Depression is a major side effect that can affect you as a myeloma patient at some point in your course of treatment. Depression in a myeloma patient undergoing treatment can be challenging to diagnose as various side effects such as fatigue, pain, and anemia may appear similar in both conditions. Your healthcare team will need to distinguish the difference between the symptoms associated with your myeloma treatment or clinical symptoms of depression. While feelings of sadness and anxiety are typical with the diagnosis of cancer,
it is imperative to discuss these symptoms with your healthcare team so they can help you appropriately. Signs and symptoms of depression include persistent sadness, anxious mood, sleeping too much, or too little, decreased appetite, weight loss or gain, restlessness, and feelings of despair or denial. Chronic disease such as cancer, medication side effects, gender, family history, situational events, biologic factors, and cognitive changes, such as poor self-esteem and negative thinking patterns, are all risk factors for depression.

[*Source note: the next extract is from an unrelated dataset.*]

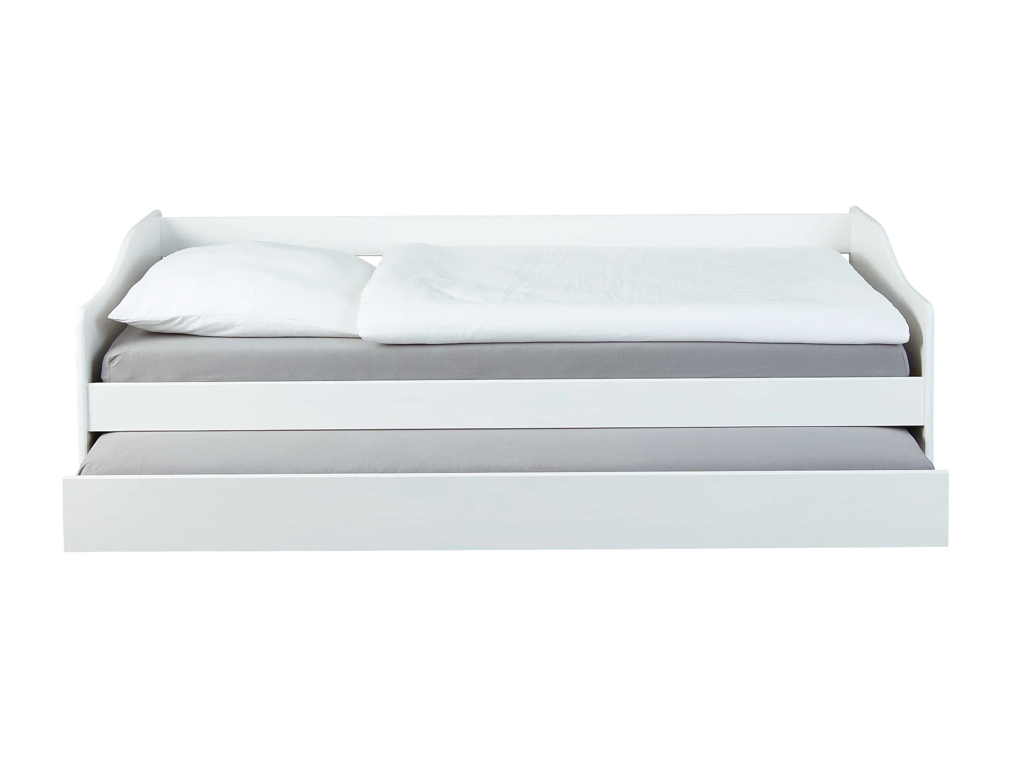 Lit gigogne en bois massif blanc avec sommier à lattes intégré 90x190 - LT12125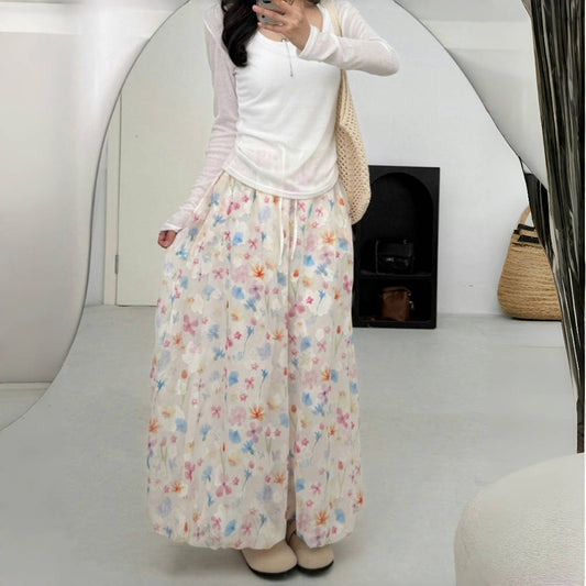 【ボトムス】夏 春 秋 花柄 大振裾 ルーズ スカート【SHシリーズ】

Screening for Depression. There are several questionnaires available that your provider may use to assist in screening for depression. Once depression is correctly diagnosed, your clinician may find it necessary to start an antidepressant, or may refer you to a specialist such as a psychiatrist who specializes in oncology patients. It is also important to differentiate between depression and anxiety. If you have an oncology social worker available to you, they can be a valuable resource to assist you with related challenges of financial difficulties, such as insurance and housing issues, as well as social support. Many social workers are licensed counselors and can provide their services for patients and family members through counseling and group support sessions, usually without charge. Many cities also have local chapters with disease specific support groups such as monthly multiple myeloma support group meetings. To find a local support group (or to start one in your area) please all the IMF Hotline at 1-800-452-CURE for assistance (818-487-7455 outside of the US and Canada.) These meetings can be beneficial for both patients and caregivers. The NLB recommends asking the following questions during routine screening at all provider encounters to detect depression or other cognitive changes:
- Over the past two weeks have you felt down, depressed or hopeless?
- Over the past two weeks have you felt little interest or pleasure in doing things?
Please be sure to report any of these symptoms to your healthcare team.